Paste in the following script:

#!/bin/bash --login
#SBATCH --job-name=rnaseq
#SBATCH --time=24:00:00
#SBATCH --mem=4GB
#SBATCH --cpus-per-task=1
#SBATCH --output=rnaseq-%j.out

# Load Nextflow
module purge
module load Nextflow

# Set the paths to the genome files
GENOME_DIR="/mnt/research/common-data/Bio/genomes/Ensembl_GRCm39_mm39" #Example GRCm39
FASTA="$GENOME_DIR/genome.fa" # Example FASTA
GTF="$GENOME_DIR/genes.gtf" # Example GTF

# Define the samplesheet, outdir, workdir, and config
SAMPLESHEET="$HOME/rnaseq/samplesheet.csv" # Example path to sample sheet
OUTDIR="$HOME/rnaseq/results" # Example path to results directory
WORKDIR="$SCRATCH/rnaseq/work" # Example path to work directory
CONFIG="$HOME/rnaseq/icer.config" # Example path to icer.config file

# Run the RNA-seq analysis
nextflow pull nf-core/rnaseq
nextflow run nf-core/rnaseq -r 3.19.0 -profile singularity -work-dir $WORKDIR -resume \
--input $SAMPLESHEET \
--outdir $OUTDIR \
--fasta $FASTA \
--gtf $GTF \
-c $CONFIG

Make edits as needed.
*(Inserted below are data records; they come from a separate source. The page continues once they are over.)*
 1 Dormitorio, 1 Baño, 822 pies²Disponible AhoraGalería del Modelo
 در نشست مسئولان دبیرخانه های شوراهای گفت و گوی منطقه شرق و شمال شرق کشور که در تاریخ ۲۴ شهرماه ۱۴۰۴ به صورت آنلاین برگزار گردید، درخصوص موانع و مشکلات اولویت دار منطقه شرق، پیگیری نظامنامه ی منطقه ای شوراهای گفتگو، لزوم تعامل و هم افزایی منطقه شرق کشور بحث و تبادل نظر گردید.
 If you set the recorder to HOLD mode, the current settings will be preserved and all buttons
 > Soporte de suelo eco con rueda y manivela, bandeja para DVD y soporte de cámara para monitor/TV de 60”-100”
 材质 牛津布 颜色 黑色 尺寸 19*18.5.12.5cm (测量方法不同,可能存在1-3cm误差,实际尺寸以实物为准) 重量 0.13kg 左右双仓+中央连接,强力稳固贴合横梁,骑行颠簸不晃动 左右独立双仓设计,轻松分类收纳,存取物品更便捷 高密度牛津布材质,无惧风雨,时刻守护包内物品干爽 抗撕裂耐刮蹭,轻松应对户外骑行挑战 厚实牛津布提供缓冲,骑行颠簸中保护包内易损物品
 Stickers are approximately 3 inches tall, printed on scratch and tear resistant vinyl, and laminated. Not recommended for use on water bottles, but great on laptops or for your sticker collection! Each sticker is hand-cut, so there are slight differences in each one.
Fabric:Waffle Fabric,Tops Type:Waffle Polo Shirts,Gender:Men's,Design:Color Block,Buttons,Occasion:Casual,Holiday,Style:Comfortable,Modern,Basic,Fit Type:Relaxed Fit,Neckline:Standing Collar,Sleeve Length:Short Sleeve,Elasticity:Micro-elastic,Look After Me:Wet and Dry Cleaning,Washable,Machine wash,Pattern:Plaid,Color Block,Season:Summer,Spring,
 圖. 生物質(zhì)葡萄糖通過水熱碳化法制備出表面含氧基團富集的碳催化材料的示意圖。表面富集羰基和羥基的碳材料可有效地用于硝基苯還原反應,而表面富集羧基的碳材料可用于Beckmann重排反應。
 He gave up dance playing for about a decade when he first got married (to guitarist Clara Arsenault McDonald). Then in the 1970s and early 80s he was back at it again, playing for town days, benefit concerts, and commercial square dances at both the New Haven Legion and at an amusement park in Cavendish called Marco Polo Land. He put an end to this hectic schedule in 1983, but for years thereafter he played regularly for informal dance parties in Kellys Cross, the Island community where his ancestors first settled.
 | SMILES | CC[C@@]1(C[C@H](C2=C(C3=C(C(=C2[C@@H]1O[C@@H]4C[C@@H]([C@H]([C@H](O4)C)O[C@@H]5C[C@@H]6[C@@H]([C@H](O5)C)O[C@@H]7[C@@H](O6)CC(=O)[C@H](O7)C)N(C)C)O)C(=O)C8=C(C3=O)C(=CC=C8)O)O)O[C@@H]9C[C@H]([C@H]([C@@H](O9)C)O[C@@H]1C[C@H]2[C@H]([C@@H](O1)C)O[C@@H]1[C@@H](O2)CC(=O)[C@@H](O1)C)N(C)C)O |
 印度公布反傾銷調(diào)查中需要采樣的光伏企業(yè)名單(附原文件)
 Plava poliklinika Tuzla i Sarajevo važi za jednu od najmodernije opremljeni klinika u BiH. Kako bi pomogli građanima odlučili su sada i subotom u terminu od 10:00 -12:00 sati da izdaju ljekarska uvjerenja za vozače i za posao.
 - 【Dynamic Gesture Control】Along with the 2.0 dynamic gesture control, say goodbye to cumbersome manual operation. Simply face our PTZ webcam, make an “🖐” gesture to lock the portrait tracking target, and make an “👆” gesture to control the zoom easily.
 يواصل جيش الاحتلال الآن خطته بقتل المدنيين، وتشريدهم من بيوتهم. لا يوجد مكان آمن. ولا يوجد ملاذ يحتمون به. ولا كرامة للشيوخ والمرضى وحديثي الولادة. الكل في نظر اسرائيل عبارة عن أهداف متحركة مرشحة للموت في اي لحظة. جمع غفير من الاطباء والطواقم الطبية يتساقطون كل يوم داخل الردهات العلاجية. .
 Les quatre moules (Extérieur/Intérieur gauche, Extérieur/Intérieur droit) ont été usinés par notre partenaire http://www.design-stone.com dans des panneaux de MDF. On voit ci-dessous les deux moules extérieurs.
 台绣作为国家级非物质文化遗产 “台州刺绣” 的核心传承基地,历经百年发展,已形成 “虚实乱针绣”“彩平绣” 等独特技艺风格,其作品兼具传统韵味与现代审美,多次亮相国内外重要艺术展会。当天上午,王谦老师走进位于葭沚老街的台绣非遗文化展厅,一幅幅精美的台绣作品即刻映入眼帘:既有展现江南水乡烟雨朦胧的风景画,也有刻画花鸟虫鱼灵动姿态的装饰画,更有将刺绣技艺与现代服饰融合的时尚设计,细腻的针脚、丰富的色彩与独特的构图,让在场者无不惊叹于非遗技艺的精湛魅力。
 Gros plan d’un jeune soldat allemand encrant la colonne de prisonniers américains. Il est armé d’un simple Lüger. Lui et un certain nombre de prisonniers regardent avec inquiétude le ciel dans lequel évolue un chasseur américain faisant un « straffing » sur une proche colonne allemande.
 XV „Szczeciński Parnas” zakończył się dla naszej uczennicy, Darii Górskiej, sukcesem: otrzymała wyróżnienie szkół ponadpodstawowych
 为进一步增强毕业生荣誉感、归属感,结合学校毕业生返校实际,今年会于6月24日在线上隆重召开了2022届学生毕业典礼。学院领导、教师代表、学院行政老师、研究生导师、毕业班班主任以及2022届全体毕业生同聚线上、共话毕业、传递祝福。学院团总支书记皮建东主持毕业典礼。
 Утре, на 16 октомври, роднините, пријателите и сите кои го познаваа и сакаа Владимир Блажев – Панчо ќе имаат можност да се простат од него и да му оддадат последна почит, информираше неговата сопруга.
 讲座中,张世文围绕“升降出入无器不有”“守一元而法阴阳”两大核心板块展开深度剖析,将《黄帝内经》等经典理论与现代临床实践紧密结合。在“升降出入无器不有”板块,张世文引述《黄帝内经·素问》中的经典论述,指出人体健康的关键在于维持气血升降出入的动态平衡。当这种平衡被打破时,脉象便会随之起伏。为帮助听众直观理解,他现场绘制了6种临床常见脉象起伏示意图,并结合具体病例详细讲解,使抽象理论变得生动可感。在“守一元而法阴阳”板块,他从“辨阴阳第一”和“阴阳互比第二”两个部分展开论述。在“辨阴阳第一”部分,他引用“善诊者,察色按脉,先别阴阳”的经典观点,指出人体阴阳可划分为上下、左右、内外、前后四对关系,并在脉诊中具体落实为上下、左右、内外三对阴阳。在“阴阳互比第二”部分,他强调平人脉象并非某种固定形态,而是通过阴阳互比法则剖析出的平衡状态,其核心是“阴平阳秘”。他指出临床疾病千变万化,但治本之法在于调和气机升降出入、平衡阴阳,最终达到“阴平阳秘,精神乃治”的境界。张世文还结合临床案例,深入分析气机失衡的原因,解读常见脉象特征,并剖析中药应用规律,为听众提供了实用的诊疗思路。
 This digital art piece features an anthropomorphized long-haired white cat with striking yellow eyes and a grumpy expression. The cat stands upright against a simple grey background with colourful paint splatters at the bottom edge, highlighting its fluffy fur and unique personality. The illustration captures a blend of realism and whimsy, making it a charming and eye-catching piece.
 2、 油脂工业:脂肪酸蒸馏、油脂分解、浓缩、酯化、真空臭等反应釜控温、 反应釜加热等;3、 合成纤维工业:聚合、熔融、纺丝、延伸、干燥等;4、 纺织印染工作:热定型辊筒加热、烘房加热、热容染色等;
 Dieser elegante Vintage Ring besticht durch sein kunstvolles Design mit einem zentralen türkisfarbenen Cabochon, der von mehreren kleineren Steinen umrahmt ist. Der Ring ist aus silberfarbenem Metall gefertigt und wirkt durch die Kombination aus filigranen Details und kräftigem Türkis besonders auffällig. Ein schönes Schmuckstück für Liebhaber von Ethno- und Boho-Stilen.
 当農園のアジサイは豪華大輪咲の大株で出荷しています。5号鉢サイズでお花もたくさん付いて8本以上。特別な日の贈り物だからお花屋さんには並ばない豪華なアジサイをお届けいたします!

Save and close the file.

5. Submit Your Job

Submit your job to SLURM by typing:

sbatch run_rnaseq.sh

This sends your job to the scheduler on the HPCC.

6. Monitor Your Job

Check the status of your job with:

squeue -u $USER

After completion, your output files will be in the results folder inside your rnaseq directory.

Part 2: Optional – Differential Expression Analysis

If you already have a counts table, you can follow these additional steps to perform differential expression and GSEA using nf-core/differentialabundance.

1. Create a New Project Directory

Create a separate folder for the differential expression analysis:

mkdir $HOME/differential
cd $HOME/differential

2. Prepare the Samplesheet and Input Files

Create a samplesheet.csv for differential expression analysis:

nano samplesheet.csv

Example content:

sample,condition,replicate,batch
CONTROL_REP1,control,1,A
CONTROL_REP2,control,2,B
TREATMENT_REP1,treated,1,A
TREATMENT_REP2,treated,2,B

Also, ensure you have:

Counts and transcript length files

The nf-core/rnaseq workflow (described above) creates raw counts and transcript length matrix files that can be used directly in the nf-core Differential Abundance workflow. Provide the paths to those files in the submission script in step 3 (below):

--matrix $HOME/rnaseq/results/star_salmon/salmon.merged.gene_counts.tsv \
--transcript_length_matrix $HOME/rnaseq/results/star_salmon/salmon.merged.gene_lengths.tsv

See this documentation for more information on RNAseq gene counts for nf-core/differentialabundance.

Contrasts file

The contrasts file defines the groups of samples to compare. Create a contrasts.csv for differential expression analysis:

nano contrasts.csv

Example content:

id,variable,reference,target,blocking
condition_control_treated,condition,control,treated,

Note: The tool expects a blank field (i.e., a trailing comma) the blocking column if when no blocking variables (e.g., batch) are used. See the nf-core/differentialabundance documentation on the contrasts file for a more detailed explanation.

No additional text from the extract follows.